Dataset items

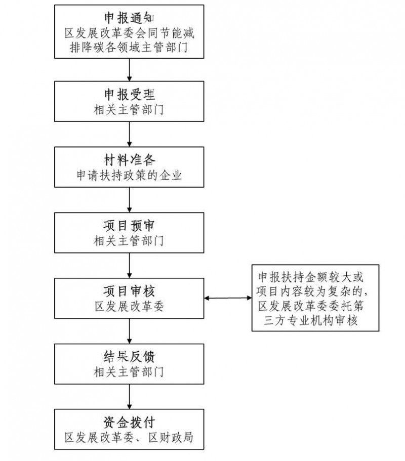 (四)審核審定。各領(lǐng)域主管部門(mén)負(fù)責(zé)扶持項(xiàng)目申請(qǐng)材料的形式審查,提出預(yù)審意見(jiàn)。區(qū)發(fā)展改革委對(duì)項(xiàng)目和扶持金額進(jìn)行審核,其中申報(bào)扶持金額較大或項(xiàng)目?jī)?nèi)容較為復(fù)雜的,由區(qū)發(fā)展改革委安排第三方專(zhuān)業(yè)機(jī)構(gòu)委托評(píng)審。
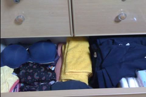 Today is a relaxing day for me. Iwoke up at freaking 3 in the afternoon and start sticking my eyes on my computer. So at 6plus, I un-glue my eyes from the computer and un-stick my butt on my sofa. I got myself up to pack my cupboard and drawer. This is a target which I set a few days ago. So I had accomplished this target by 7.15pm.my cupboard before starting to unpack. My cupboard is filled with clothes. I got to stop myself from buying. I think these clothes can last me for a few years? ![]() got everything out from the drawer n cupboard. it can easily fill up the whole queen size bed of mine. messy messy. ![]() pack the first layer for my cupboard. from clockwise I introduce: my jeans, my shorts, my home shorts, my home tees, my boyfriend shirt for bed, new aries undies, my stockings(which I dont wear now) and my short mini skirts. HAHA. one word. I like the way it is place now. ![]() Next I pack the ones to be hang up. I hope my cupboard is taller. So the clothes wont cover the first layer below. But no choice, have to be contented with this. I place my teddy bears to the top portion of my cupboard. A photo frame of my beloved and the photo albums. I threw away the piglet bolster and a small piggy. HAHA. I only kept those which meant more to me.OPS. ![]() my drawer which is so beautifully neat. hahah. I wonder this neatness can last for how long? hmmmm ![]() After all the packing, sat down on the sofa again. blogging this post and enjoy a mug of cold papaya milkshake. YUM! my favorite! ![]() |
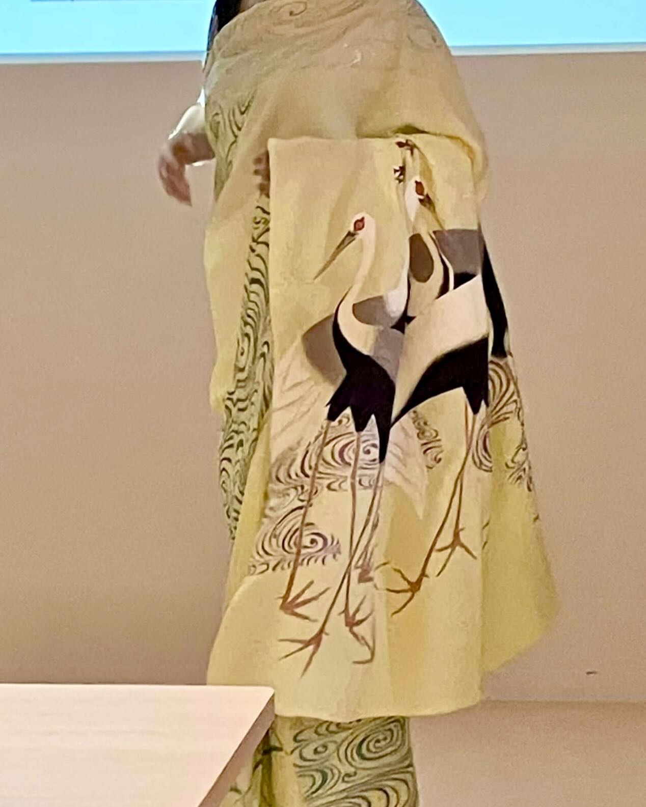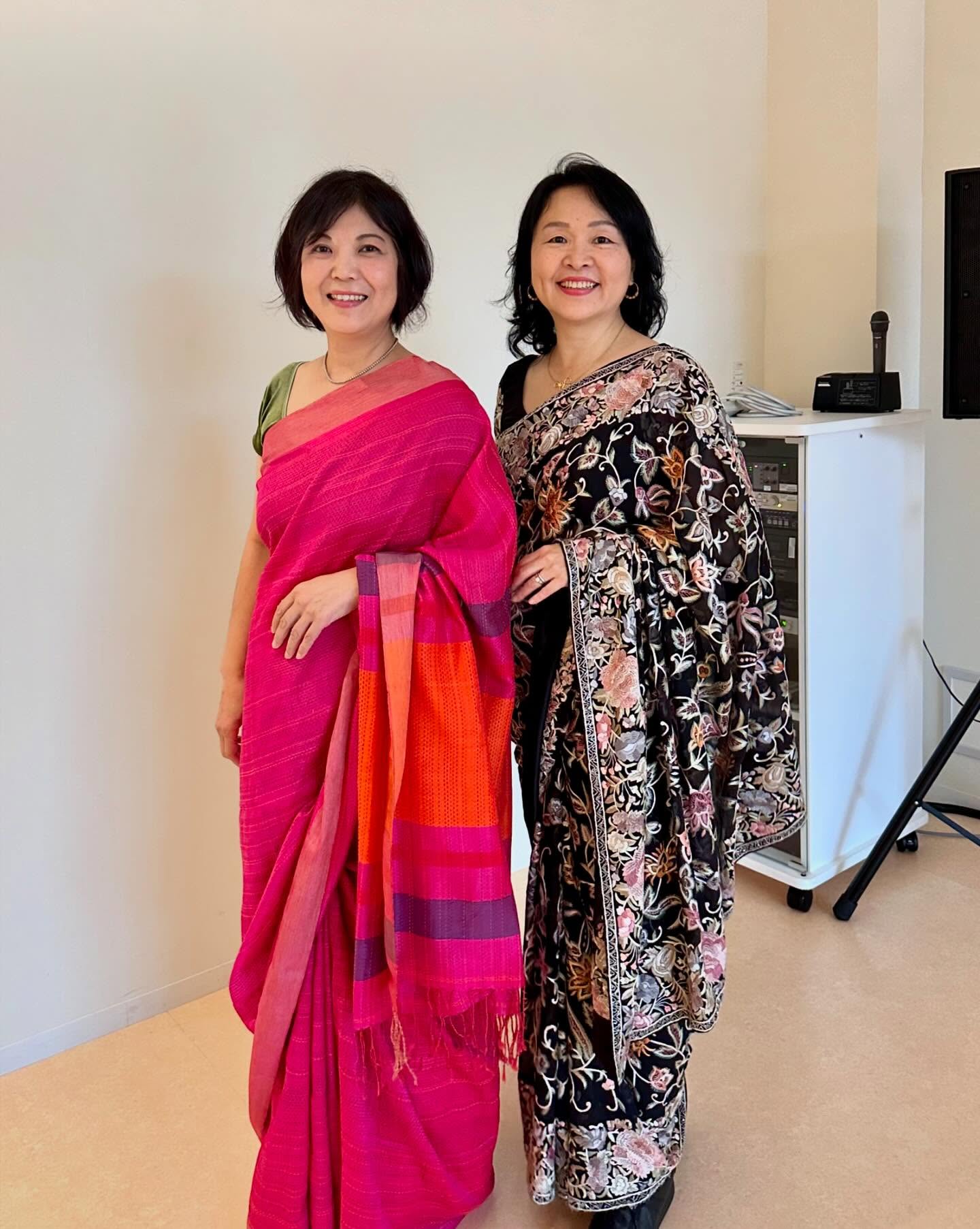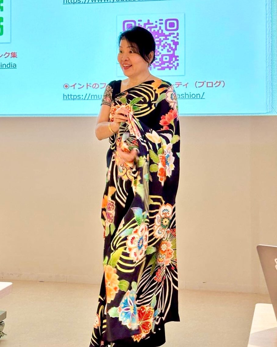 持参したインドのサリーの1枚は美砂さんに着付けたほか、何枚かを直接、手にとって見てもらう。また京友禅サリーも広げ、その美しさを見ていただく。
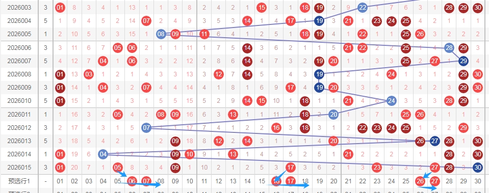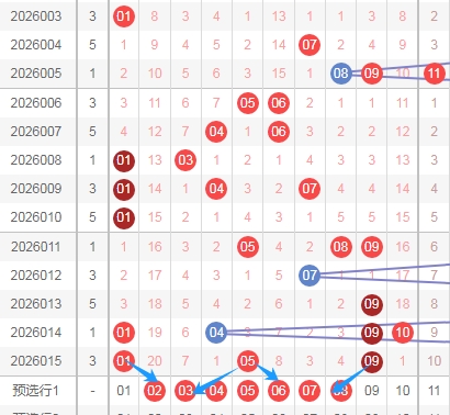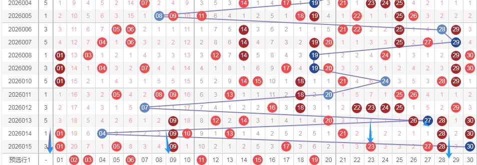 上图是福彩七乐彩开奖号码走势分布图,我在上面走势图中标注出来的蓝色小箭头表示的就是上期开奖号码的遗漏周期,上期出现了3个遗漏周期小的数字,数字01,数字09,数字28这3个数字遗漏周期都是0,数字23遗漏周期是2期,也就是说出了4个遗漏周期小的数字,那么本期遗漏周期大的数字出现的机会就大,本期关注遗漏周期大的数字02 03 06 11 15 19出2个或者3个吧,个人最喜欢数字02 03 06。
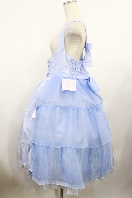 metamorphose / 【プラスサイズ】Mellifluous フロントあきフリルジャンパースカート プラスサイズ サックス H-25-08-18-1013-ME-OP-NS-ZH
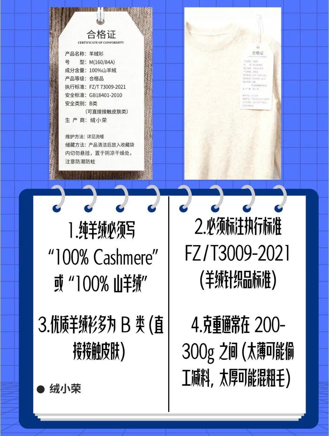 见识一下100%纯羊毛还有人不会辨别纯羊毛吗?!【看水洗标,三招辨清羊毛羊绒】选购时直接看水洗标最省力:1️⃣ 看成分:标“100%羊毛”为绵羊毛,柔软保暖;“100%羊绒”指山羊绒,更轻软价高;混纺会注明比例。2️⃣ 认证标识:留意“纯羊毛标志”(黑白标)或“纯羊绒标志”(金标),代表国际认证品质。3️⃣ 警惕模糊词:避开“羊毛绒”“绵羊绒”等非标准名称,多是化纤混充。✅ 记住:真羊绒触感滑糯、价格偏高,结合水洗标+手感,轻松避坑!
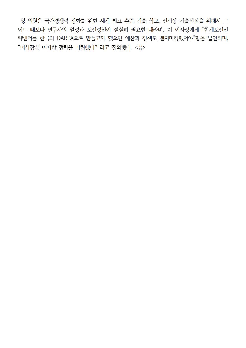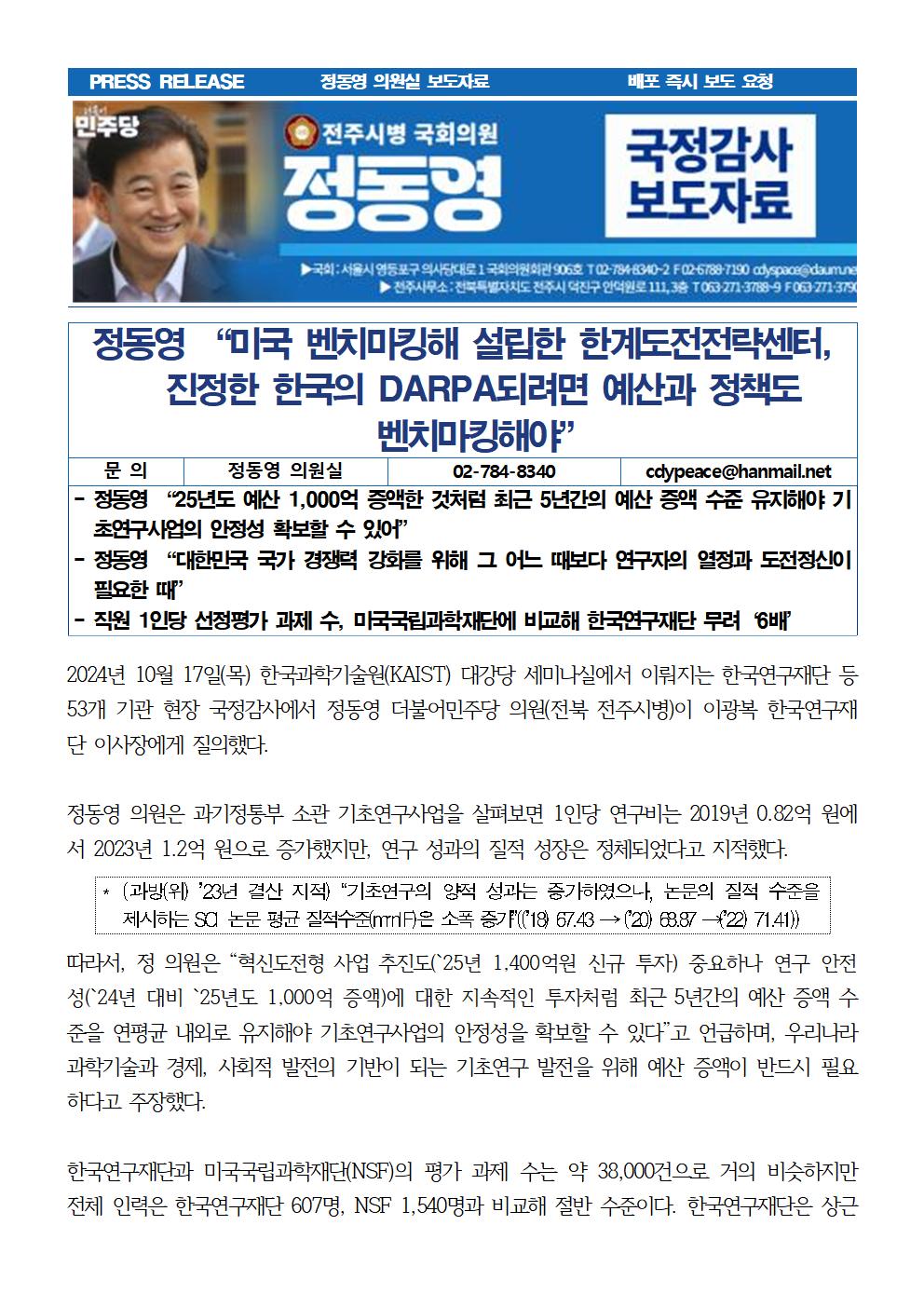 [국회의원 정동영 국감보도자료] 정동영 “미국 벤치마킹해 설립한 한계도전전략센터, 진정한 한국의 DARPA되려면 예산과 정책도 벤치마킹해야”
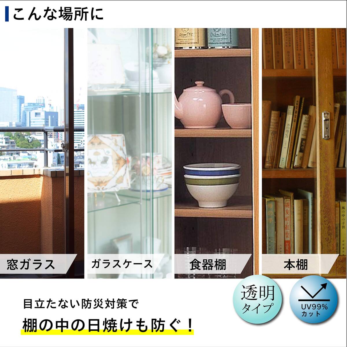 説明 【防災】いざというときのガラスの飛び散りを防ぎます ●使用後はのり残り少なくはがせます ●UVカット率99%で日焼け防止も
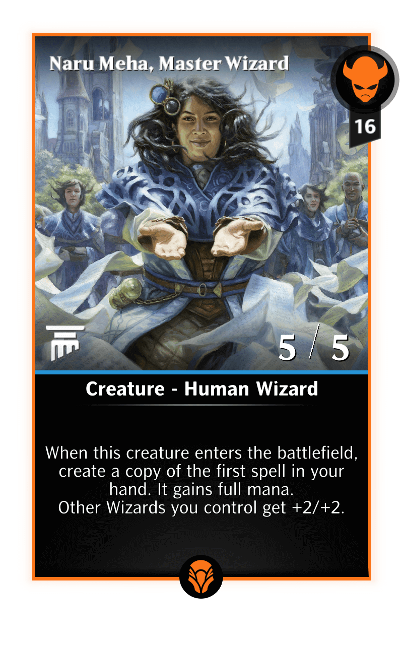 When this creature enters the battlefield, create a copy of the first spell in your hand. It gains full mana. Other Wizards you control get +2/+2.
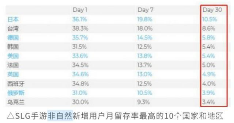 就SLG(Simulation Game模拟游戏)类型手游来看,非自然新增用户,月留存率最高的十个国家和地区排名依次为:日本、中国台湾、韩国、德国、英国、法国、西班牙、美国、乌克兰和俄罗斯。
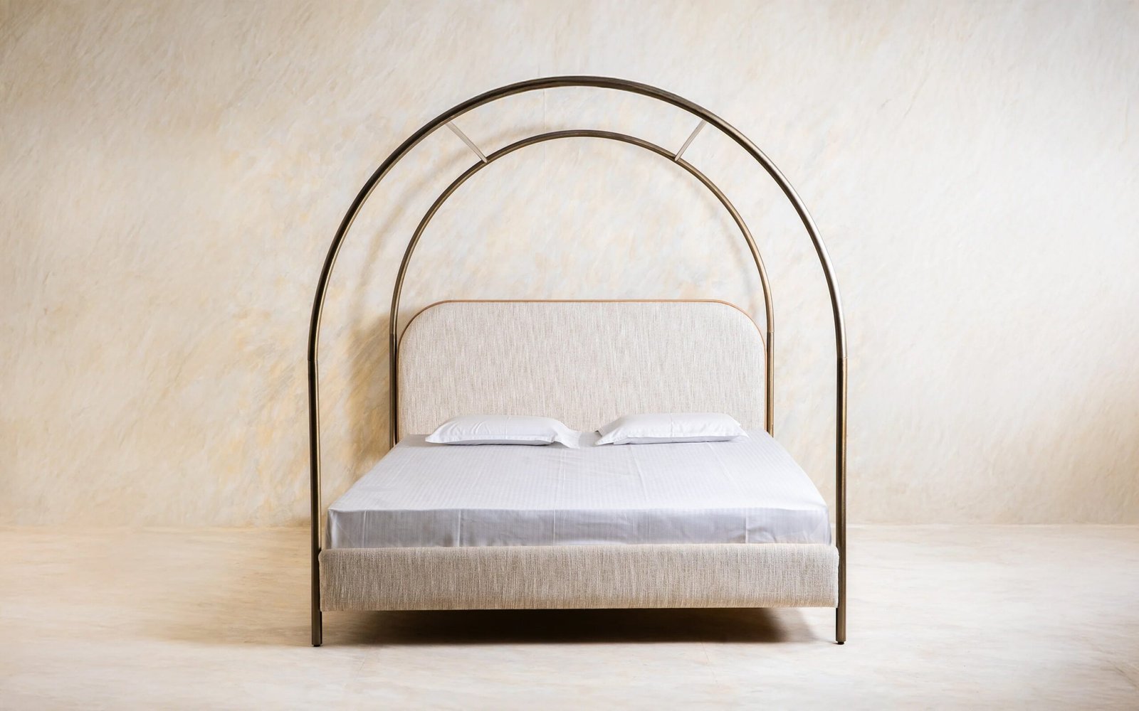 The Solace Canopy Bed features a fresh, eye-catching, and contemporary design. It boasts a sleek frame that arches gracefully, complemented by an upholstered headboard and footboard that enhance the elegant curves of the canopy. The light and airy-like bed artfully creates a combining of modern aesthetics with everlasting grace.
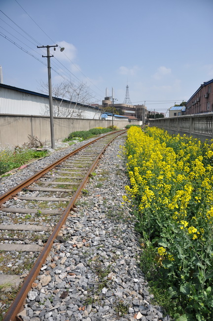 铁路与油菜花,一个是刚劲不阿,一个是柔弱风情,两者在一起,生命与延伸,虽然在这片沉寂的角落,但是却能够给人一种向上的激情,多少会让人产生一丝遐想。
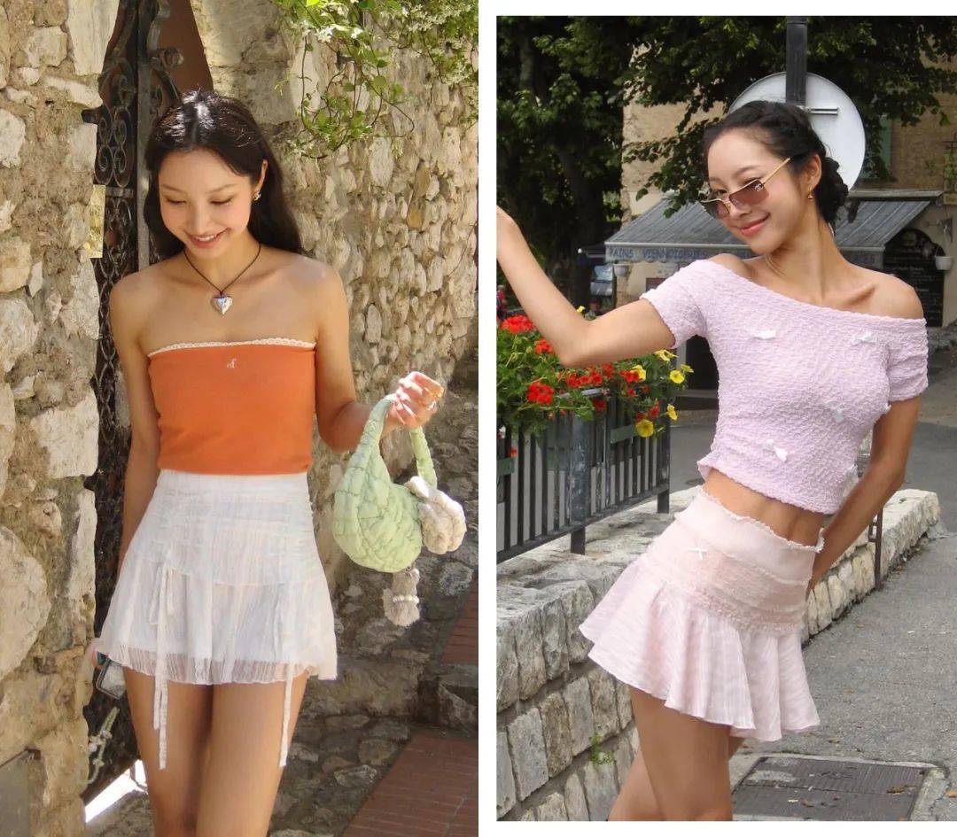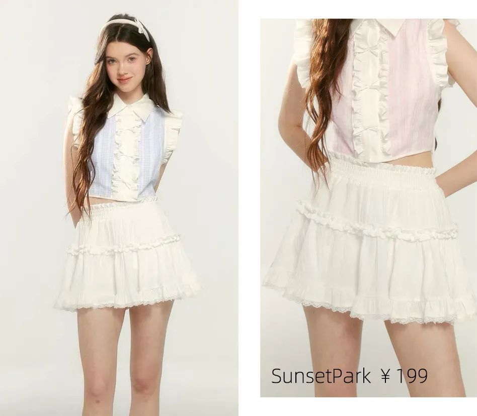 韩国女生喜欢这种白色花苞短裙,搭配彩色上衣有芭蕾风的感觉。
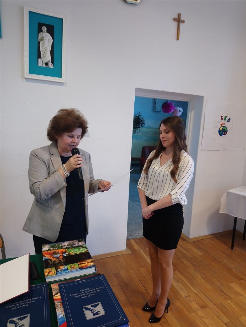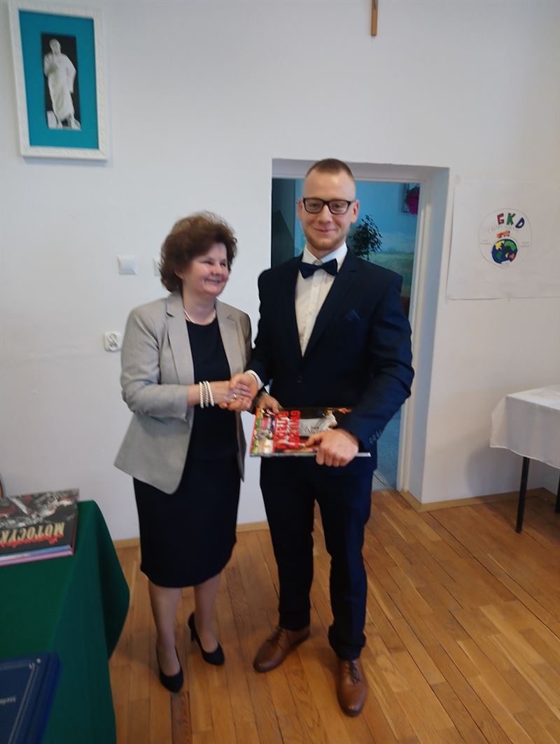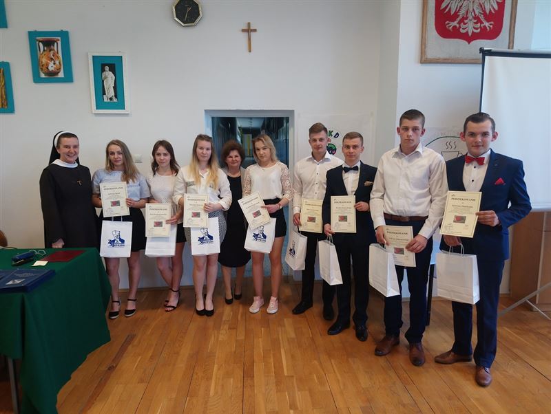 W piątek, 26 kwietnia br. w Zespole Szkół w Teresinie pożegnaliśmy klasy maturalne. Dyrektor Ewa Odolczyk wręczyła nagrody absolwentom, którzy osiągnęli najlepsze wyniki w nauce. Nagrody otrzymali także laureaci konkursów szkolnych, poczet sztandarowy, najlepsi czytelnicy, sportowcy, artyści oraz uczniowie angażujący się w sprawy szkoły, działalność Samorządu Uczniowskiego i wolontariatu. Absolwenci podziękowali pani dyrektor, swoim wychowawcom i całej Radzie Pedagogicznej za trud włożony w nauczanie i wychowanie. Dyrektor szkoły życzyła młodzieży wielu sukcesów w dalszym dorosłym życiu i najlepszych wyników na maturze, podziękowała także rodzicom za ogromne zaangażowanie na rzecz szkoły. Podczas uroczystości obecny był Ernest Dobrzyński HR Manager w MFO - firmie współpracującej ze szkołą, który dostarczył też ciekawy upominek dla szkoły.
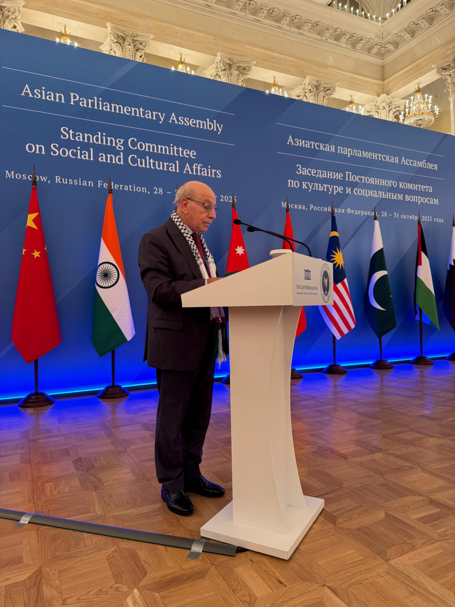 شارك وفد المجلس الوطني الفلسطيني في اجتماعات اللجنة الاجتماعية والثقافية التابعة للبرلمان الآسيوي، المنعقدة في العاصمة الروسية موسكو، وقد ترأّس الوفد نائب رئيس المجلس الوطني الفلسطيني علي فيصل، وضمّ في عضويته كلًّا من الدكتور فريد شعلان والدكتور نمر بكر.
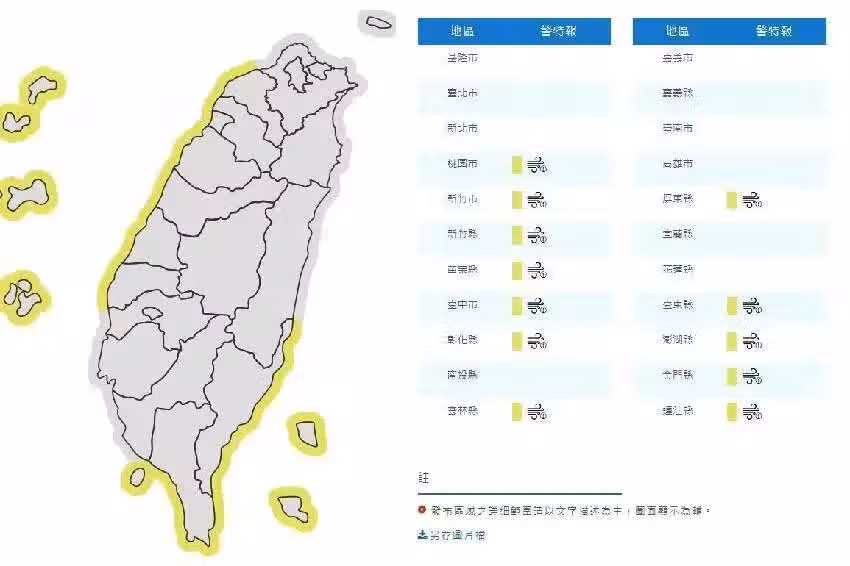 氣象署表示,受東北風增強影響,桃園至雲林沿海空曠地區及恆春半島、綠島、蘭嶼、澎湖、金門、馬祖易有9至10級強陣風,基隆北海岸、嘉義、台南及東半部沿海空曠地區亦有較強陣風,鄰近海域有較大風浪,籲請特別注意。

▶ _EXERCISE AIM_: Exact copy, pictures excluded: from the line with "就SLG(Simulatio" up to and including the line with "韩国女生喜欢这种白色花苞短裙,搭配彩色上衣有芭蕾风的感觉。" in the data above.

▶ _EXERCISE RESULT_:
 就SLG(Simulation Game模拟游戏)类型手游来看,非自然新增用户,月留存率最高的十个国家和地区排名依次为:日本、中国台湾、韩国、德国、英国、法国、西班牙、美国、乌克兰和俄罗斯。
 The Solace Canopy Bed features a fresh, eye-catching, and contemporary design. It boasts a sleek frame that arches gracefully, complemented by an upholstered headboard and footboard that enhance the elegant curves of the canopy. The light and airy-like bed artfully creates a combining of modern aesthetics with everlasting grace.
 铁路与油菜花,一个是刚劲不阿,一个是柔弱风情,两者在一起,生命与延伸,虽然在这片沉寂的角落,但是却能够给人一种向上的激情,多少会让人产生一丝遐想。
 韩国女生喜欢这种白色花苞短裙,搭配彩色上衣有芭蕾风的感觉。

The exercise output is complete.